Laura: “Dovremmo cercare di non rinchiuderci nel dolore: i nostri figli non lo vorrebbero e non servirebbe a nessuno, anzi, creeremmo problemi anche a chi ci sta vicino. La condivisione del dolore non è la medicina che guarisce, ma aiuta a riaprire il proprio cuore ed a comunicare con quel mondo che viene spontaneo rifiutare. Con grande sforzo ho ripreso ad andare a scuola ed i miei studenti hanno contribuito a farmi sentire ancora utile così come la gatta di Elena, con i suoi gattini appena partoriti, che avevano bisogno di me. Anche le passeggiate nel verde, in montagna, sul lago di Garda, in campagna; camminavo finché avevo forza poi, ho cominciato ad emozionarmi davanti agli spettacoli naturali che si aprivano davanti a me. Le lacrime di dolore si mescolavano a quelle di emozioni positive che mi facevano sentire vicinissima mia figlia. Ho ricominciato a cogliere il senso della bellezza, a cercarla anche nelle piccole cose. Soprattutto davanti a spettacoli grandiosi come i tramonti o i panorami aperti che ci offrono le nostre montagne mi sento parte del tutto e percepisco l’abbraccio della mia Ela”.
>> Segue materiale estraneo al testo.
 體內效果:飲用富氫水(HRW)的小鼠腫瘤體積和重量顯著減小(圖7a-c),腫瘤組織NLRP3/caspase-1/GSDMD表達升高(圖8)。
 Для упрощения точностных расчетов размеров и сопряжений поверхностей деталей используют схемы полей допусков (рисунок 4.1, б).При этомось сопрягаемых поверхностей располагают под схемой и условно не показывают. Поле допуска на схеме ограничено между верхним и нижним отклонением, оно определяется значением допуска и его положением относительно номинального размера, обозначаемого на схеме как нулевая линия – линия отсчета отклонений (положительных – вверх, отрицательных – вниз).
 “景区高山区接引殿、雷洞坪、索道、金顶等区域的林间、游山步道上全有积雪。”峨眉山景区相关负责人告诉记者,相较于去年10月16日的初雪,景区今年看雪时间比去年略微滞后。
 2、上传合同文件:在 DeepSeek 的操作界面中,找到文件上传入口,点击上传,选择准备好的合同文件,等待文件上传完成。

L’amore per i figli volati via troppo presto, che si riversa ora su altri giovani, nei quali queste splendide donne rivedono la voglia di vivere e i sorrisi dei propri ragazzi. Tutte le mamme del libro “lettere senza confini”, affermano senza indugio che: Filippo, Michela, Mauro, Lorenzo, Ela, il bambino mai nato di Gaia diventano figli di tutte noi e noi sorelle per sempre. Sono loro che hanno voluto che si incontrassero. Come spiegare altrimenti l’insieme di coincidenze che le hanno unite? Il dolore colpisce, ma si deve invece, rendere onore alla vita che loro non hanno potuto continuare, apprezzandone ogni momento ed aiutando gli altri a valorizzarla e ad amarla”.
Nella foto: Da sinistra verso destra Stefania Lorenzini, Giovanna Carboni, Gaia Simonetti, Paola Alberti, Laura Cozzi e Stefania Ciriello Le mamme di “Lettere senza confini”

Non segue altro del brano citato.